# new rod



## drw1985 (Oct 15, 2014)

I think its time to get a new rod all my rods are old with good reels I would like some opinions on an affordable casting surf rod I dont have alot of funds but I dont want junk either maybe even a used one thank y'all in advance I really appreciate it
Daniel


----------



## bluefish1928 (Jun 9, 2007)

Look at tica surf rods. For under $100, you will get a relatively light, quality, graphite surf rod.


----------



## RjTheMetalhead (Dec 3, 2011)

Penn Prevails are good for the money.
Have them from 10 to 12 foot. They make them down to 8 ft.
Nice and lighter than the older stuff.
Range from $69 to $99 depending on size.

Have caught plenty of 5 to 6 ft sharks, big rays and some big red drum on the 12 footers. Use 6oz with the 12s, 3 or 4 with the 10


----------



## John Smith_inFL (Nov 22, 2009)

I have two 11' conventional Penn Prevails for surf and love them !! one has a Penn 5501c3 and one has a 6501c3 ... I think around $50 at BPS.
two 8 footers are on my shopping list for pier fishing and light surf.
I bought two 13' cheap spinning rods at WalMart 5 years ago for $40 each and they are trashed now.
So if you get cheapies, with the idea of replacing them every few years, that will work too.
BUT !!!! The mo money, the better the rod action.... I really really like the Prevails. Good price, Good action, 

Jus my dos centavos


----------



## Captainfirebeard (Aug 22, 2014)

I just ordered a new Ugly Stick Bigwater 11 footer. Though I won't be able to test it out in the ocean until at least January, I plan to take it down to the local lake and start practicing my long casts.
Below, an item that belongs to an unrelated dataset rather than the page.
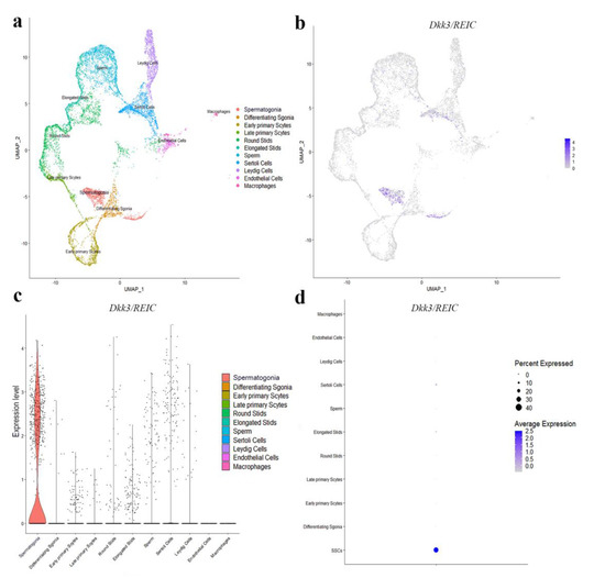 Cells with less than 500 expressing genes or more than 20% mitochondrial genome were discarded. After normalization and scaling, principal components (PCs) were calculated using the RunPCA function, and dimensionality reduction was achieved with the RunUMAP function. Finally, using the FindCluster function (resolution = 0.6), 11 clusters were found and further identified as different testicular cell types according to their expressed cell marker genes. The expression of Dkk3/REIC was demonstrated by FeaturePlot, VlnPlot and DotPlot functions.

I will keep ya posted.


----------



## drw1985 (Oct 15, 2014)

Thanks everyone the prevail seems to be a good bang for my buck that's affordable thanks again I'm addicted to the surf now
Daniel


----------



## John Smith_inFL (Nov 22, 2009)

DRW - ask the guys at the fishing desk to help you with the rod that you select.
at BPS, I went in to specifically to get a 13' - 15' rod and through their recommendations,
I took home two 11 foot Prevails. (one for me and one for my wife) and yes, it was a good deal for me and they were very helpful.
I still want a longer rod that can toss a 4nbait half a mile !! LOL
But, where I surf fish here in Florida, sometimes the target fish is only 50-100' off shore - so distance is not a real factor for me at this time.
So a good 8-10' rod will work well also. Just try to get something that will work for where you fish the most. Distance wise, bait and line weight.
Go over this with the sales help desk and _*IF*_ they know their stuff, you will probably be happy with your purchase.


----------



## The Skink (Mar 9, 2009)

I still use 8 ft ugly stiks in the surf. biggest rod I own. I like the big fight on the minimum rod


----------



## drw1985 (Oct 15, 2014)

I've had my abu garcia 8 ft rod for almost 8yrs been great but the handle has started falling apart and the reel will spin to the side when reeling in a fish is it worth checking some of the pawn shops or should i just get new


----------



## ez2cdave (Oct 13, 2008)

The Skink said:


> I still use 8 ft ugly stiks in the surf. biggest rod I own. I like the big fight on the minimum rod


Of the Ugly Sticks, I found that the 9 ft rod was their best rod for Pier / Surf fishing.


----------



## The Skink (Mar 9, 2009)

drw1985 said:


> I've had my abu garcia 8 ft rod for almost 8yrs been great but the handle has started falling apart and the reel will spin to the side when reeling in a fish is it worth checking some of the pawn shops or should i just get new


When it comes to fishing gear...you get what you pay for. Buy New! it doesnt matter where you buy it, just buy new


----------



## Landonsteen (Jul 9, 2013)

Penn prevails are good rods but the penn torques are better IMO for a little extra cash.


----------



## bronzbck1 (Jun 13, 2007)

Don't know what length or ouce range your looking for but you can't beat the Carolina cast Pro rods. Check on Tommys site in the distance casting forum


----------



## Elgreco (Aug 12, 2014)

The Skink said:


> When it comes to fishing gear...you get what you pay for. Buy New! it doesnt matter where you buy it, just buy new


Eh, I have no regrets buying my 10" diawa eliminator off craigslist for $20.


----------



## Fishguts13 (Nov 14, 2014)

Just a question ........ What do people fishing the surf on the strand use these 9 and 10 foot rods to catch??? I would say other than when the big spot tail run the beach 95% of my catch in less than 15 yards from the surf line. 2 oz (3 oz max if there is some surf)and a light 7 ft rod is plenty . Most cast are just flips to a slew targeting pomps,whitting, and black drum.


----------



## RjTheMetalhead (Dec 3, 2011)

Fishguts13 said:


> Just a question ........ What do people fishing the surf on the strand use these 9 and 10 foot rods to catch??? I would say other than when the big spot tail run the beach 95% of my catch in less than 15 yards from the surf line. 2 oz (3 oz max if there is some surf)and a light 7 ft rod is plenty . Most cast are just flips to a slew targeting pomps,whitting, and black drum.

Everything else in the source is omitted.